This is indicated by a study led by Marco Calabria, a researcher in the Cognitive Neurolab group of Health Sciences Studies at the Open University of Catalonia (Open University of Catalonia, UOC).

The first results of the study Effect Mozart and memory in patients with cognitive impairment, point out that listening to classical music in the background while doing memory exercises does not improve or worsen the learning level of people with mild cognitive impairment. On the other hand, it has also been seen that listening to more activating music could have a positive effect on people who are accustomed to using music as an emotional regulator in their daily lives, a fact that opens up the possibility of new hypotheses and research.

The study has been carried out with patients from the Neuropsychology Unit of the Hospital de Sant Pau and has had the collaboration of researchers from this Barcelona hospital, the Concordia University in Canada and the Gregorio Marañón Health Research Institute in Madrid, in Spain.

“We have not found a general repercussion on the effect of music in the sense that it favors or impairs learning in cases of mild cognitive impairment, but we have seen that this would be individually modulated.

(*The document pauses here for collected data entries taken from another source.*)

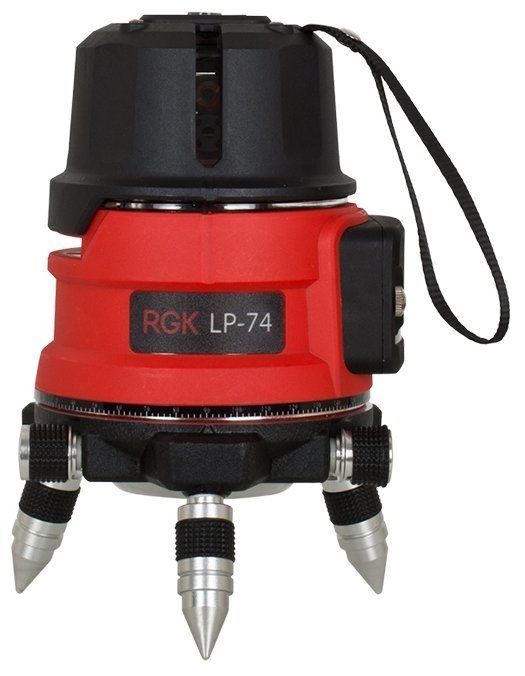 The laser level RGK LP-74 is made for installation, construction, finishing work outdoors and indoors. One plane vertically and four planes horizontally are projected by the leveling equipment for processing and analyzing the obtained measurements. The body of the device is very tight, which reliably protects electronic equipment from moisture and dust.
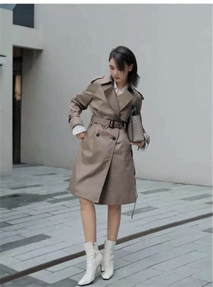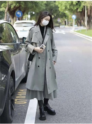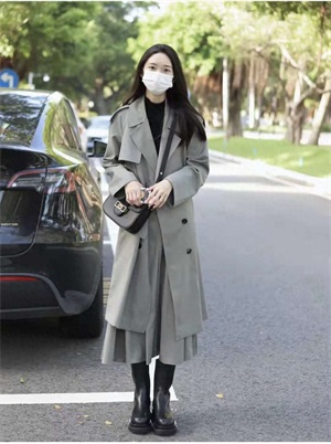 风衣穿搭:春天这个季节需要一件风衣来适应气温的变化,这件风衣拿到手感觉就是看起来很贵的那种。颜色也是比较特别又低调的水泥灰,搭配同色系的半身裙,简约又高级,内搭和黑色短靴相呼应,一套高级感满满。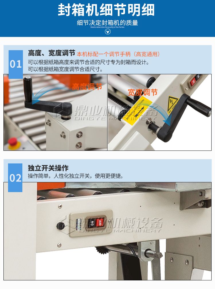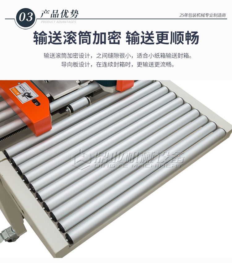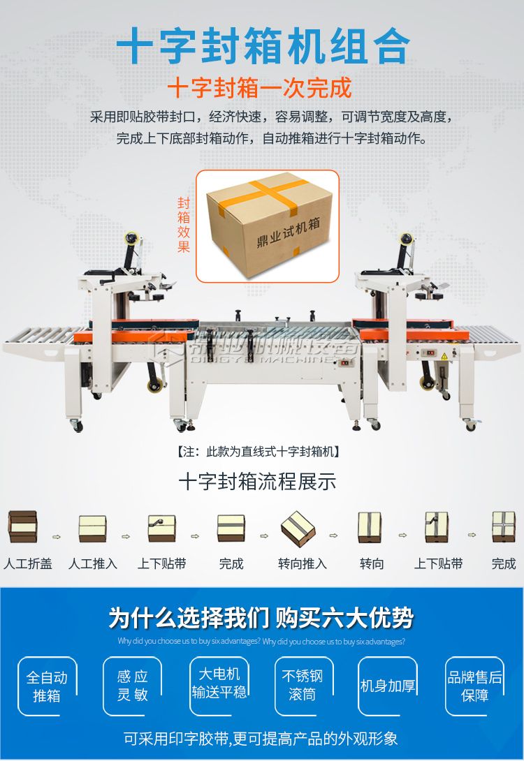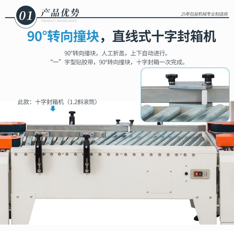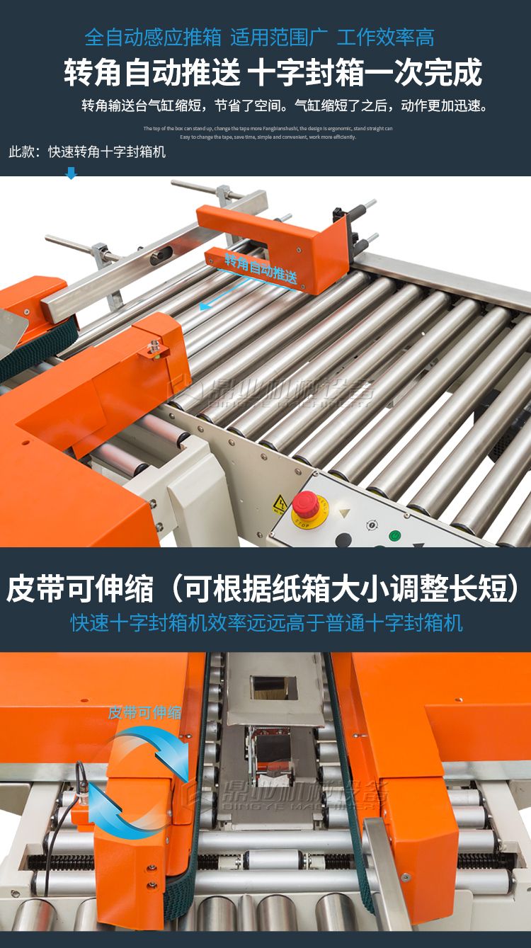 十字封箱机是一款组合型设备,主要是采用我们常用的半自动封箱机和输送台组合完成一字封箱,然后通过侧推机构将纸箱进行90°转向,然后进入半自动封箱机完成十字封箱包装。

If people habitually use music as an emotional regulator in their daily life, for example, to be calmer or to keep them company, it will be easier for them to get a new benefit from music when they have to do new learning”, explains Marco Calabria, doctor in psychobiology.

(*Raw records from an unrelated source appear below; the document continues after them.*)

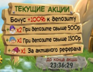 В игровом городе постоянно проходят выгодные акции на пополнение баланса, конкурсы, выдаются различные бонусы.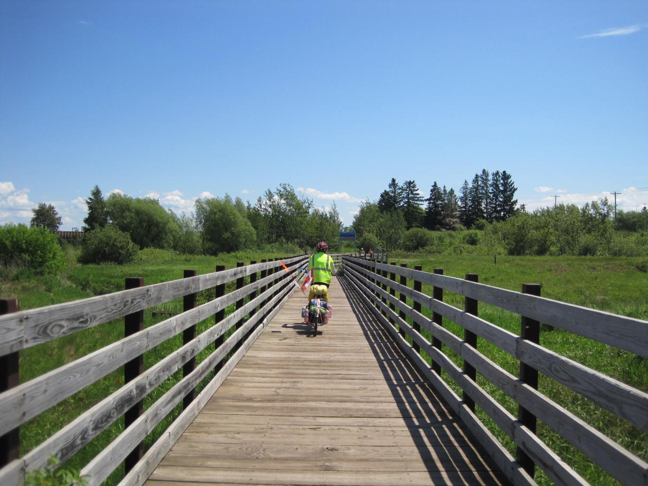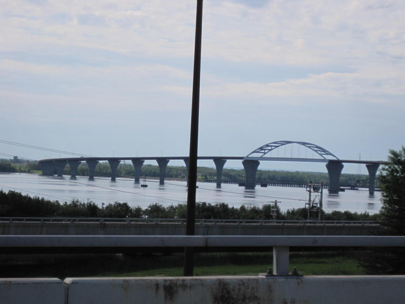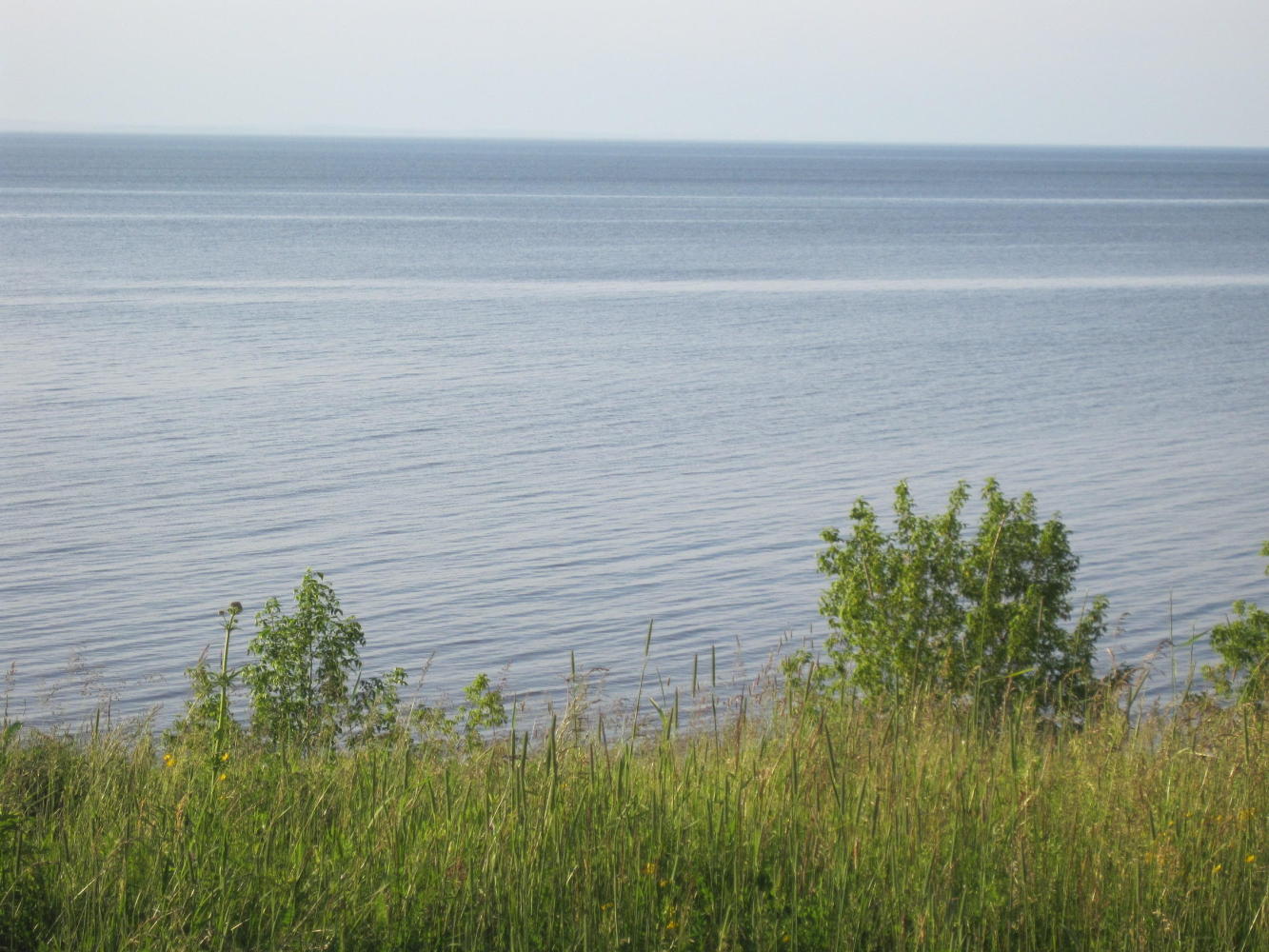 Shortly after the trail ended we shifted to highway 13, the route recommended by Willie, up closer to the Lake. This road was certainly quieter than highway 2. For 20 or 30 km it passed relatively small hay farms, and was pleasant if not spectacular. Its next trick, though, was to cross no fewer than two dozen streams, on their way to the big lake. Each stream featured a ravine and each ravine featured (naturally enough) a down and an up part! On the down, Dodie was afraid of too much speed. On the up, it was granny gear crank crank. Dodie was not impressed!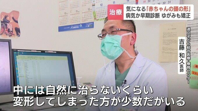 「(向き癖は)自然経過とケアをする事によってほとんど治るが、中には自然に治らないくらい変形してしまった方が少数だがいる」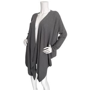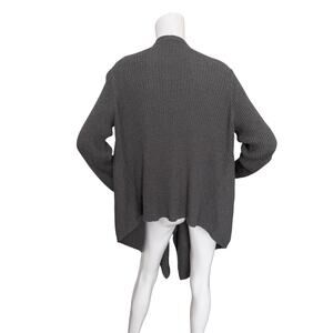 Gray wool rib knit, draped open front, hangs longer in front, long sleeves.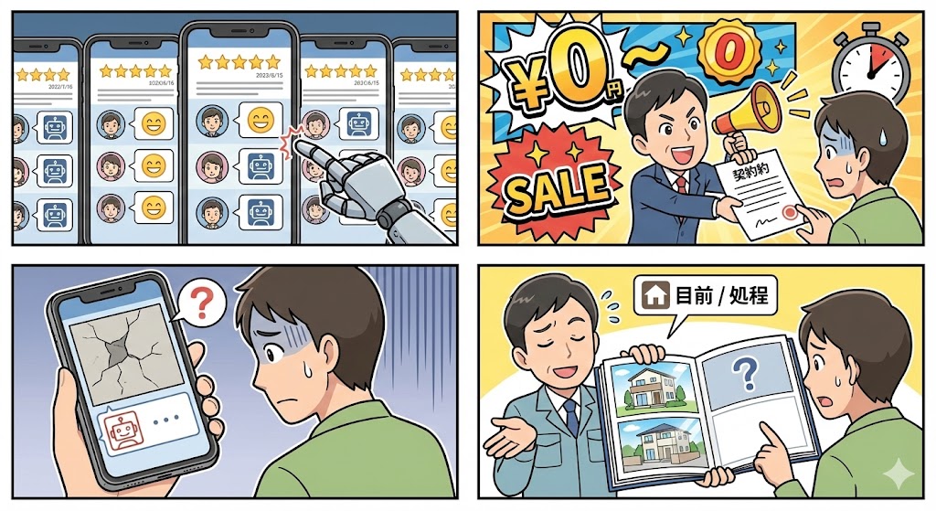 ●同日に★5が連投・文体が同じ/社員名の連呼で宣伝臭 ●「最安」「即決で大幅値引き」ばかり強調 ●施工の失敗を質問したら返信がないまたはテンプレ回答 ●写真が完成後の外観しかない(下地処理の証跡が皆無) |

Listening to activating music could have a positive effect on memory in people who have used it in the past as an emotional regulator. (Illustration: Amazings/NCYT)

The study has been carried out with people with mild cognitive impairment of the amnesic type, that is to say, who have memory problems due to the effect of a neurodegeneration principle that is more specific in the parts of the brain where aspects of learning and memory are worked on. The experiments consisted of observing twenty-four photographs of human faces with the instruction to memorize them and, ten minutes later, reviewing a new series of images with the previous twenty-four and twenty-four new ones to try to identify those that had already been seen before.

The first test was done listening to classical music in the information consolidation phase, but not in the recovery phase, while in the second exercise it was repeated with the auditory stimulus in both. However, regarding the results, no significant differences were found.

In these exercises, classical music is used because “it is a type of music that is characterized by being between relaxing and activating and has proven to be the most effective for enhancing memory.” On the other hand, the fact that it does not have a letter makes it possible to reduce the interference that verbal information can produce about the content that the participants must learn in the memory task.

However, the Calabria team wanted to do a third experiment with popular music that was considered more activating than not relaxing and, after a previous study, an instrumental version of Un rayo de sol, by Los Diablos, was chosen. And it was in this experiment that the results suggested that “the use of music as a strategy for mood regulation is associated with better memory performance,” according to the UOC researcher.

This finding opens the door for more research to continue exploring the role of interindividual preferences and attitudes towards music in patients with mild cognitive impairment. The group plans to continue with the project until the end of 2024.

During this time, we will investigate whether background music could be more useful in other cognitive domains, for example, attention and concentration in patients with Parkinson’s disease. In addition, new infrared spectroscopy equipment set up in the Neuro Lab, one of the recently inaugurated UOC laboratories, will be used during the experiments, which will make it possible to see activation in the brain while cognitive processes are being carried out. This will help determine if, regardless of the level of response to music, there are alterations in brain modulation or not, in which areas, and if it depends on the type of person studied.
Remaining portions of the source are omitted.